In some embodiments, the methods and kits described herein include one or more in-process controls. In some embodiments, the in-process control is detection and analysis of a reference gene that indicates sample quality (i.e., an indicator of the quality of the biological sample, e.g., biofluid sample). In some embodiments, the in-process control is detection and analysis of a reference gene that indicates plasma quality (i.e., an indicator of the quality of the plasma sample). In some embodiments, the reference gene(s) is/are analyzed by additional qPCR.

In some embodiments, the in-process control is an in-process control for reverse transcriptase and/or PCR performance.
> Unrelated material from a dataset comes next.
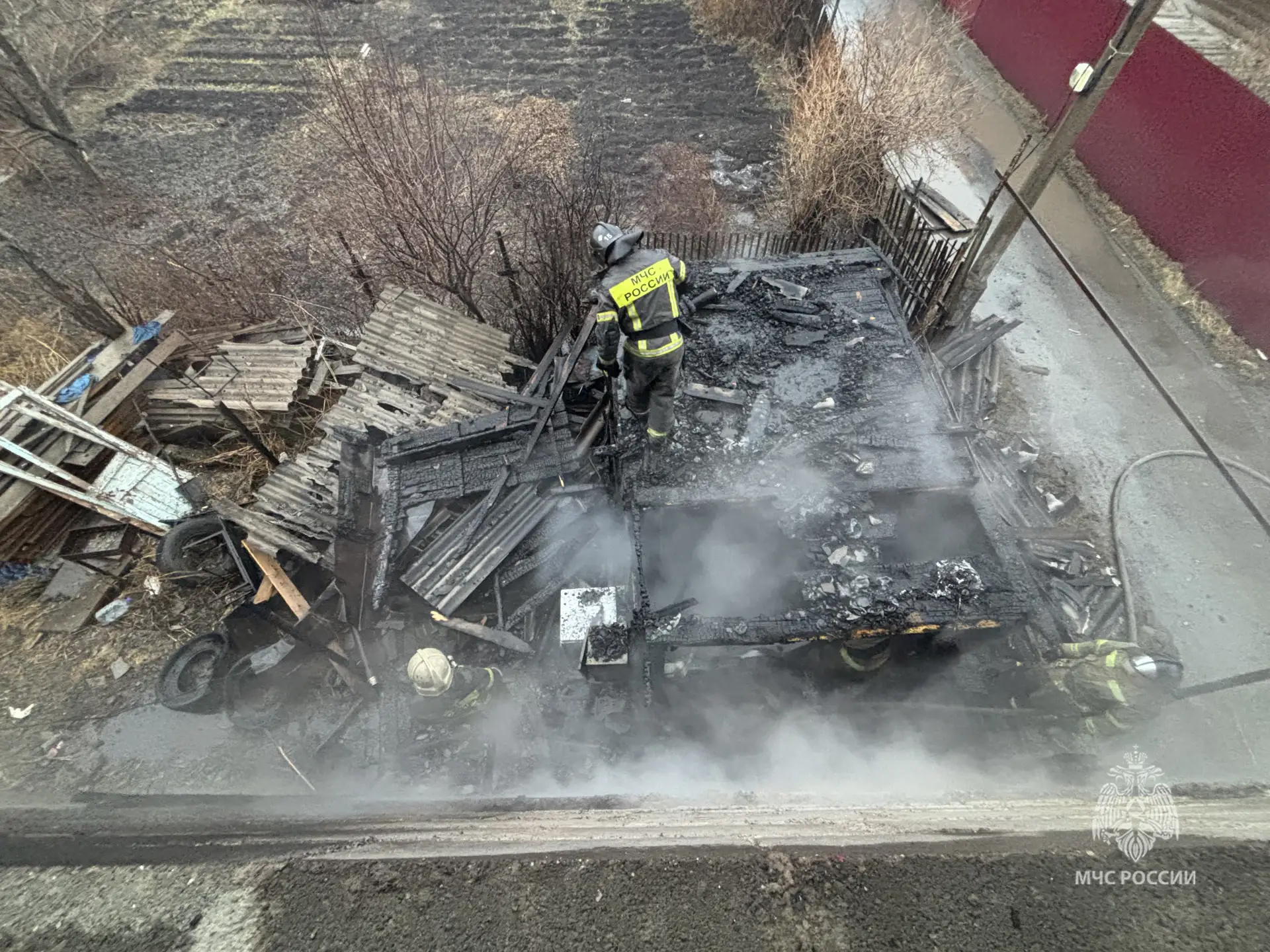Ночью 24 апреля в городе Ачинске, в садовом обществе «Юбилейное», произошел пожар в хозяйственной постройке. На место происшествия прибыли 7 сотрудников МЧС России и 2 единицы специализированной техники. В результате возгорания полностью уничтожена хозяйственная постройка, а также поврежден повреждён строящийся жилой дом на общей площади 28 квадратных метра. Предварительная причина пожара – короткое замыкание электропроводки (фото 1, 2).

These in-process controls include, by way of non-limiting examples, a reference RNA (also referred to herein as ref RNA), that is spiked in after RNA isolation and prior to reverse transcription. In some embodiments, the ref RNA is a control such as Qbeta. In some embodiments, the ref RNA is analyzed by additional PCR.

In some embodiments, a spike-in of synthetic RNA or DNA standard, also referred to herein as a “synthetic spike-in” is included as a quality control metric, or at any step prior to sequencing library preparation. Exogenous materials such as synthetic nucleic acids, can serve as sample quality control reagents, quantification reagents, can enable limit of detection, dynamic range and technical reproducibility studies and/or can enable studies detecting particular sequences.

Commercially available synthetic spike-ins include, without limitation, Dharmacon: Solaris RNA spike-in control kit; Exiqon: RNA spike-in kit; Horizon Diagnostics: Reference standards, Lexogen: spike-in RNA variant control mixes; Thermo Fisher Scientific: ERCC RNA spike-in control mixes; and Qbeta RNA spike-in, yeast or Arabidopsis RNA.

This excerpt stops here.